- ABOUT THIS EXERCISE
Beneath this line are entries. Copy the range from the line with "Deze stijlvolle beige" to the line with "Het aantal atlasblokken", ends included, exactly; leave pictures out.

(Excerpts from a dataset)
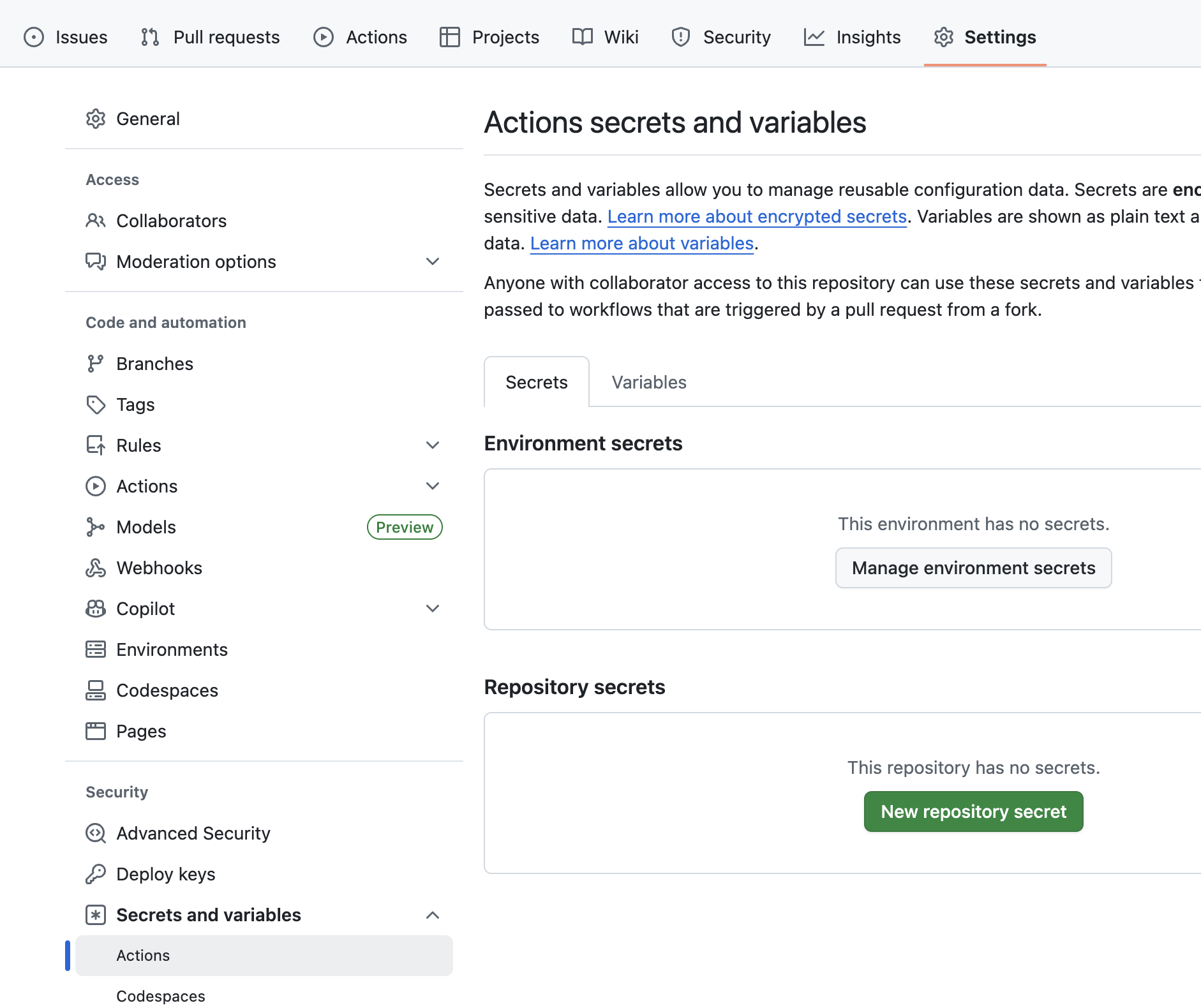 프로젝트의 Repository - Settings - Secrets and variables - Actions로 진입하여, Repository secrets에서 New repository secret 버튼을 누른다.
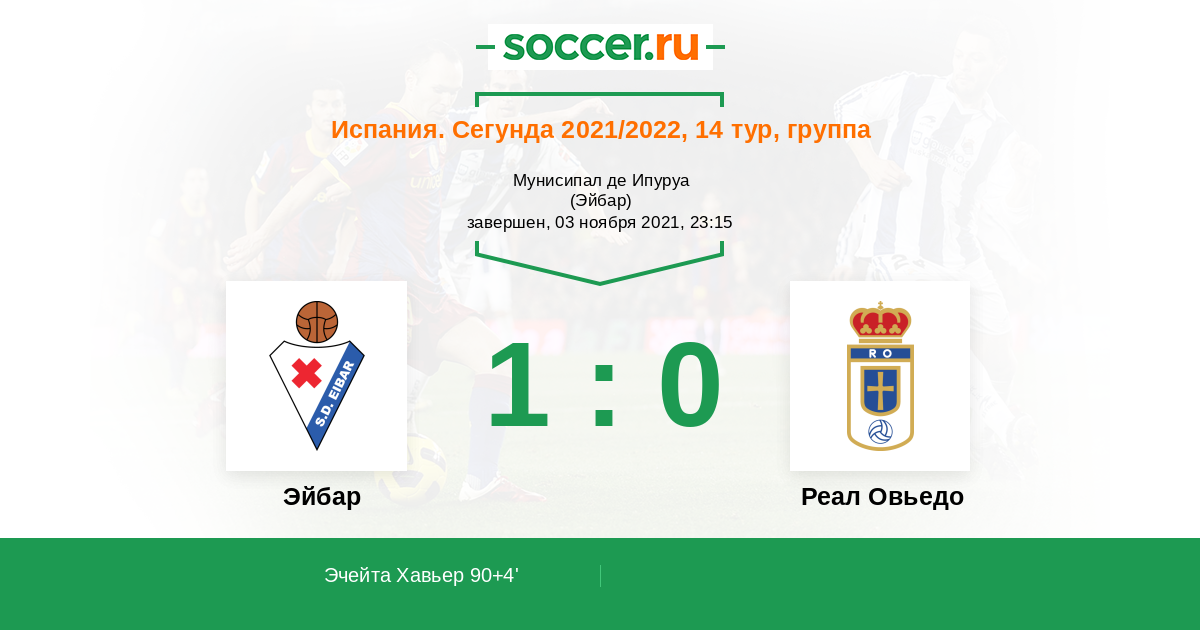 Протокол матча Эйбар против Реал Овьедо
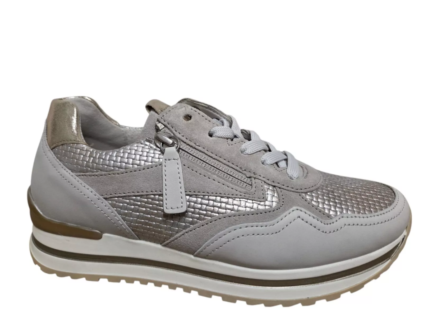 Deze stijlvolle beige sneakers van Gabor combineren comfort en elegantie in één ontwerp. Het hoogwaardige leren bovenwerk zorgt voor een luxe uitstraling en een perfecte pasvorm. Dankzij de combinatie van veters en rits trek je de schoen eenvoudig aan en uit, terwijl de normale pasvorm zorgt voor optimaal draagcomfort.
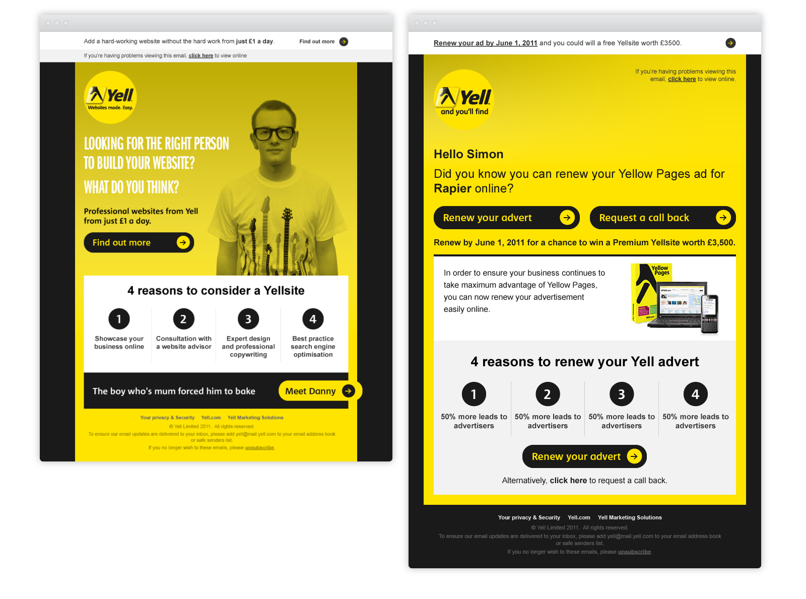 I worked on the Yell account as lead designer, supporting a range of digital marketing activity across microsites, email campaigns and display banners.
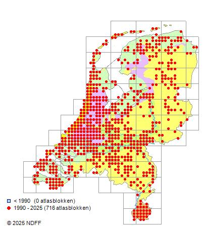 Het aantal atlasblokken (5x5 km) waarin de soort is gemeld binnen een periode van vijf jaar (vanaf 1980) of twintig jaar. Niet gecorrigeerd voor waarnemersinspanning en het aantal doorgegeven waarnemingen kan sterk variëren per periode, dus een trend in verspreiding kan hier niet direct uit worden afgelezen. Het opgegeven jaartal is het eerste jaar van de periode. Bron: gevalideerde waarnemingen uit de NDFF.
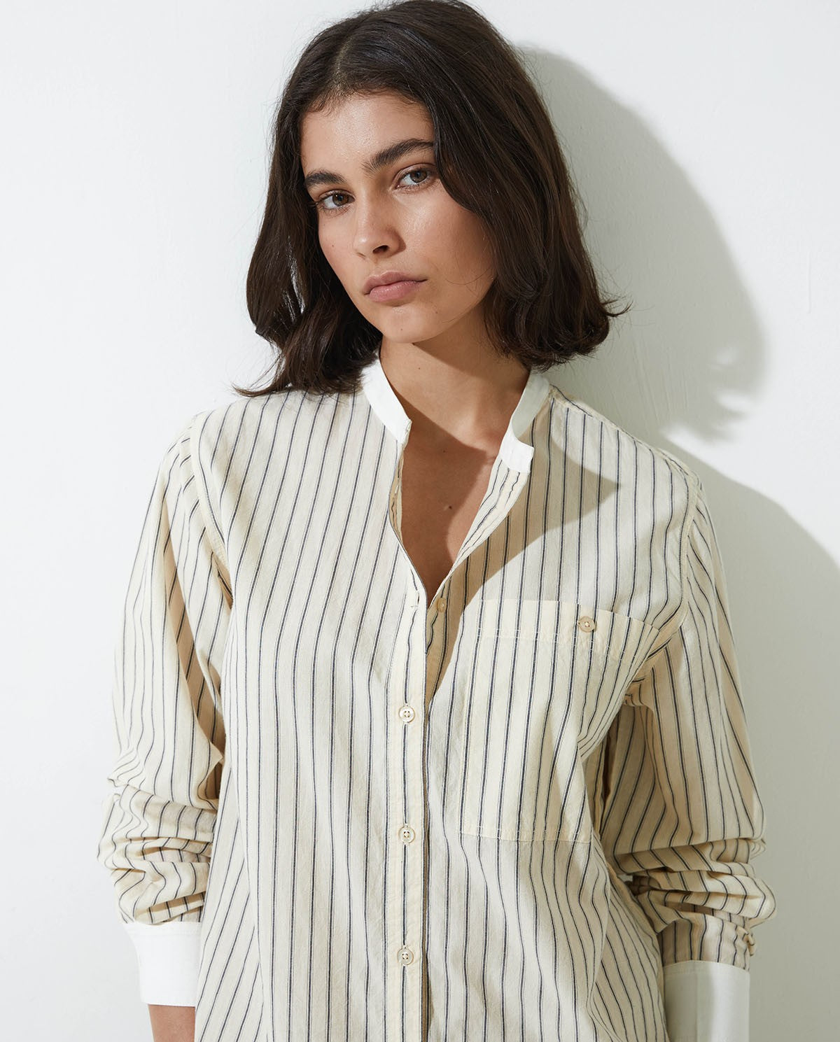 Camicetta in 100% cotone.  Stampa a righe.  Collo di Mao.  Maniche lunghe.  Bottone sui polsini.  Bottoni in madreperla.  Tasca applicata sul petto.  Rifiniture a contrasto sul colletto.  Composizione: 100% cotone. La modella è alta 175 cm e indossa la taglia S.   MATERIALI:  Gli articoli in cotone sono morbidi, traspiranti, assorbenti e ipoallergenici, per una vestibilità fresca e confortevole.
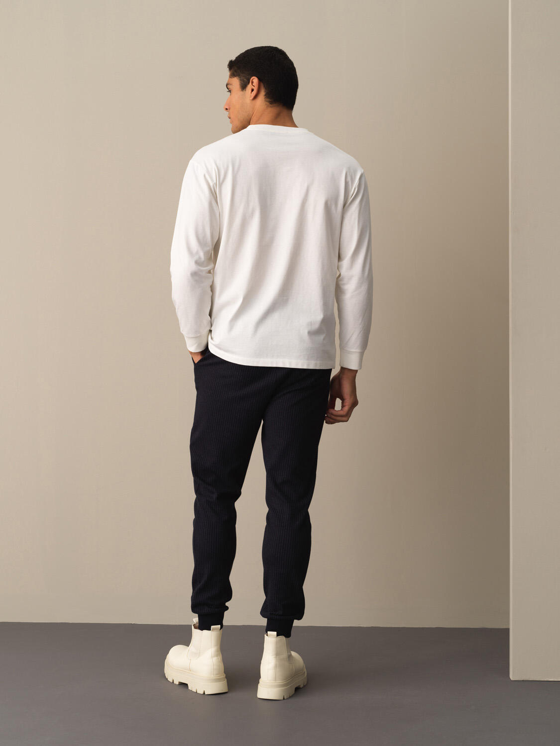 White Modal Textured Slim Fit Long Sleeve T-Shirt
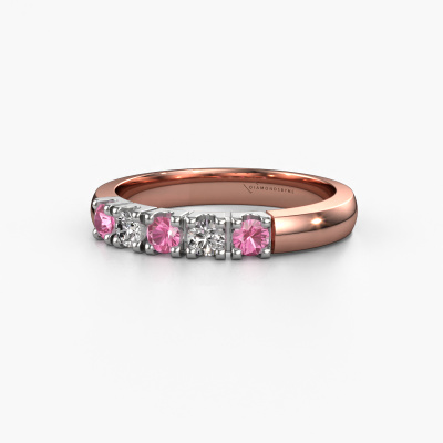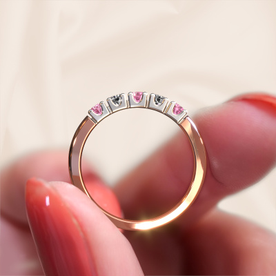 This extraordinary ring is called Rianne 5. This type of ring is known as a memoire ring, because its gemstones are set in a continuous line. This makes it easy to combine with other rings. The band of this 14 Carat rose gold ring is set in a combination of pink sapphire and diamond 2.7 mm. You can easily choose the combination you prefer online. As you can see, a single pink sapphire is set in this single alliance rose gold ring. The memoire ring represents collaboration. And that is precisely what these gemstones do, collaborate. Together they add a beautiful effect to the band of a classic ring! Such a meaningful ring, wouldn't you agree? All our hand selected pink sapphire are positioned by hand by our expert goldsmith. It's a precise task, which can only be completed successfully through the combination of pure craftsmanship and usage of the latest techniques which give it an optimal effect. To create a perfect reflection of light, all the gemstones have to be perfectly aligned in the same way. During manufacturing, the expert goldsmith will therefore monitor the reflection of light constantly to check whether the pink sapphire are aligned properly. This requires a skilled hand and a lot of patience but then the end product will be a true piece of art. And that is our mission!By using a combination of the latest modern techniques, combined with ancient crafting, we can make all our rings in our own studio. Each jewel is made to order. This is advantageous because we can offer you a price you won't find anywhere else.
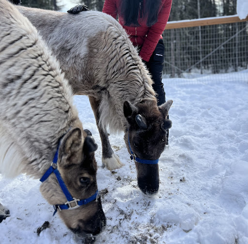 After warming up in the yurt with Cartel and Boone, we learned about the difference between reindeer and caribou with Kalyn. After a knowledgeable explanation, we went to walk the reindeers through a snowy forest (Boone wanted to join us). Sappho and Pilot, the reindeers were both cute and had a huge appetite. Throughout the walk Kalyn took amazing photos of us and talked more about the reindeers that she owned.
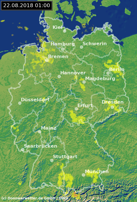 Radarbild von Mittwoch, 22.08.2018 um 01.00 Uhr
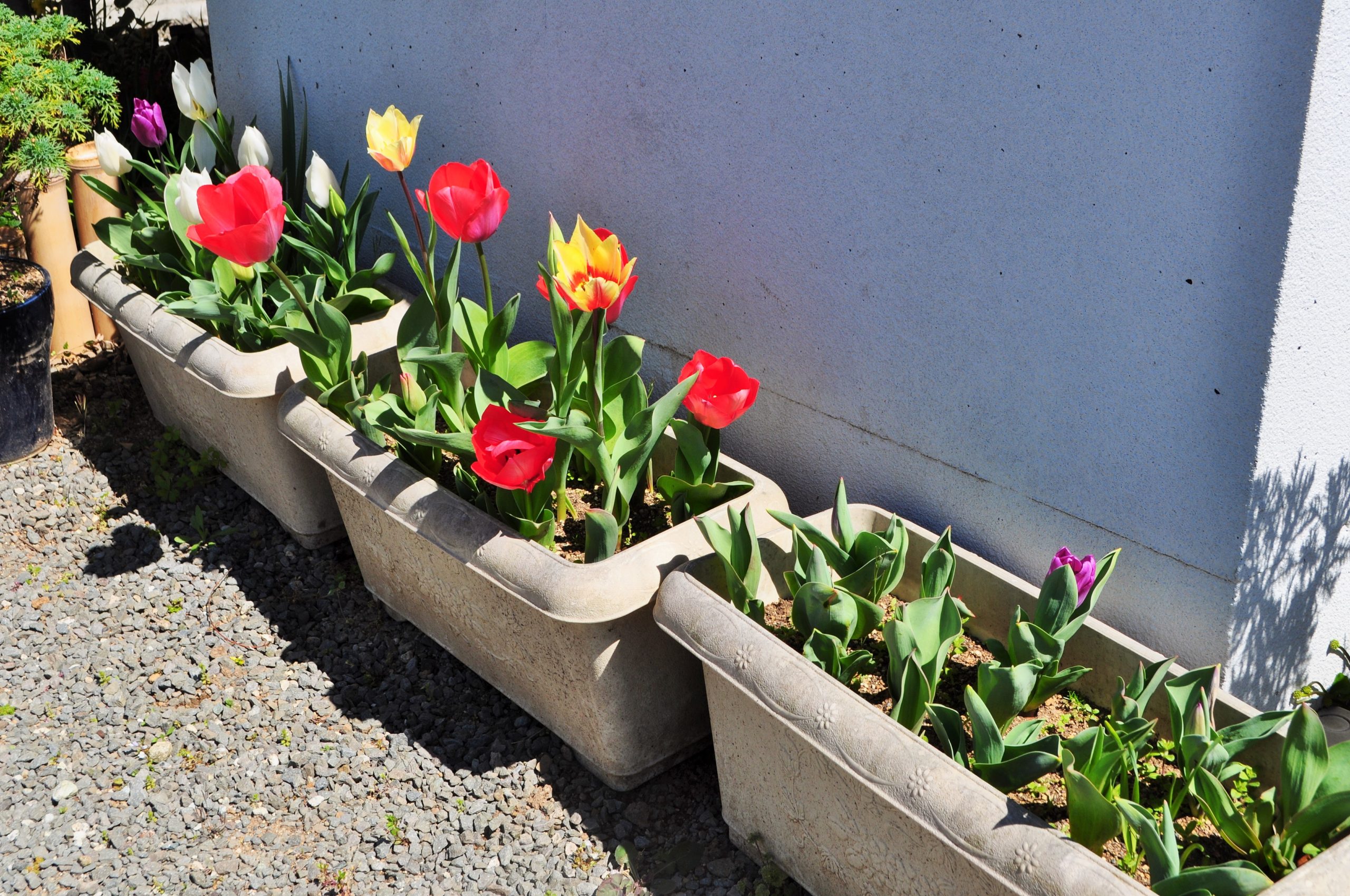 プランターに埋めておいた『チューリップ』が咲き始めました。
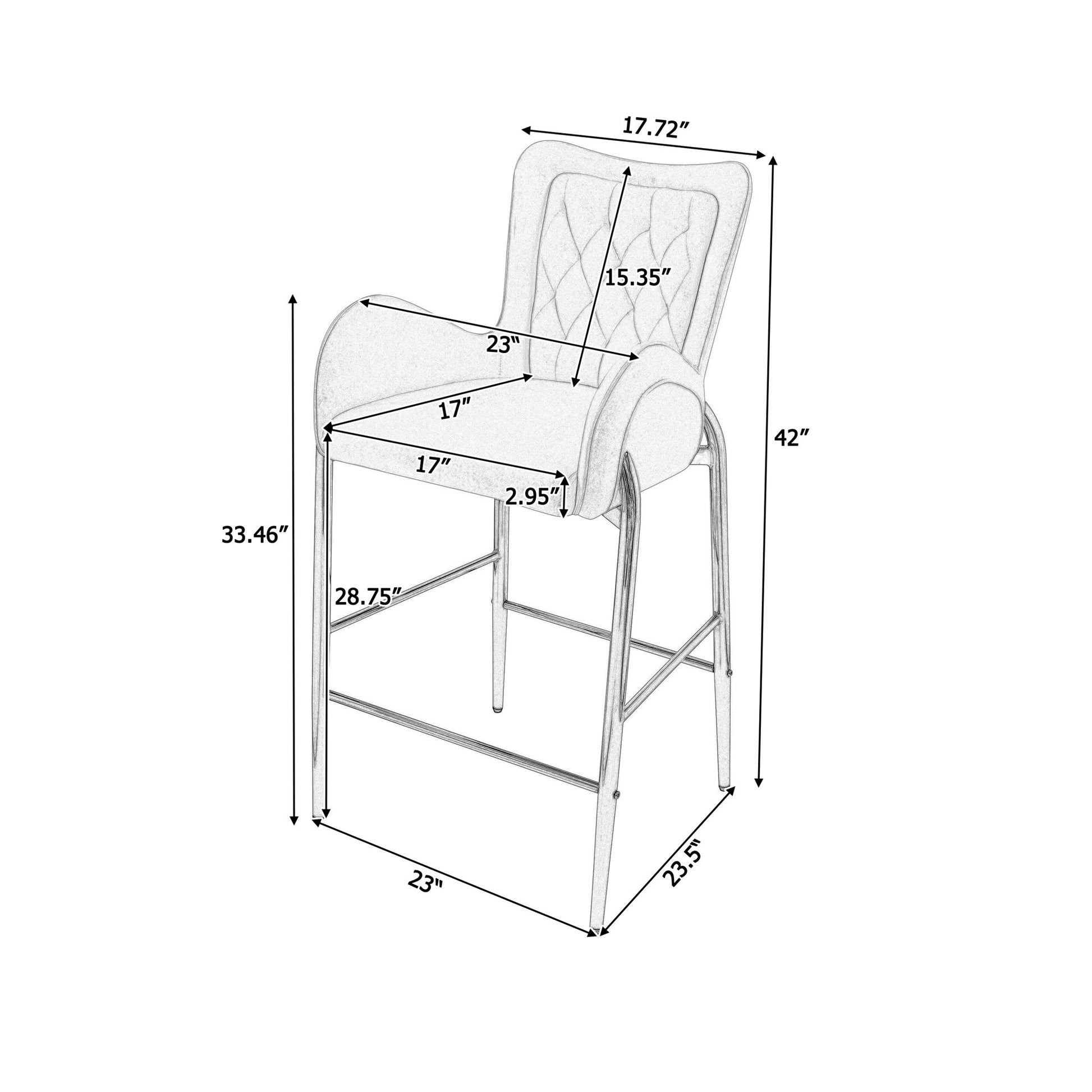 Velvet Fabric Counter Height Bar Stools (Set of 2) With Legs And Footrests, 28.75" - Gray
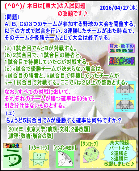 この問題は、「確率」の問題を「場合の数」に改題しました☆
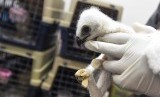 REPUBLIKA.CO.ID, SURABAYA -- Petugas menunjukan seekor anak elang ketika gelar barang bukti tindak pidana konservasi sumberdaya alam hayati dan ekosistemnya di Polda Jawa Timur, Surabaya, Jawa Timur, Senin (6/7).

- FINISHED EXERCISE
 Deze stijlvolle beige sneakers van Gabor combineren comfort en elegantie in één ontwerp. Het hoogwaardige leren bovenwerk zorgt voor een luxe uitstraling en een perfecte pasvorm. Dankzij de combinatie van veters en rits trek je de schoen eenvoudig aan en uit, terwijl de normale pasvorm zorgt voor optimaal draagcomfort.
 I worked on the Yell account as lead designer, supporting a range of digital marketing activity across microsites, email campaigns and display banners.
 Het aantal atlasblokken (5x5 km) waarin de soort is gemeld binnen een periode van vijf jaar (vanaf 1980) of twintig jaar. Niet gecorrigeerd voor waarnemersinspanning en het aantal doorgegeven waarnemingen kan sterk variëren per periode, dus een trend in verspreiding kan hier niet direct uit worden afgelezen. Het opgegeven jaartal is het eerste jaar van de periode. Bron: gevalideerde waarnemingen uit de NDFF.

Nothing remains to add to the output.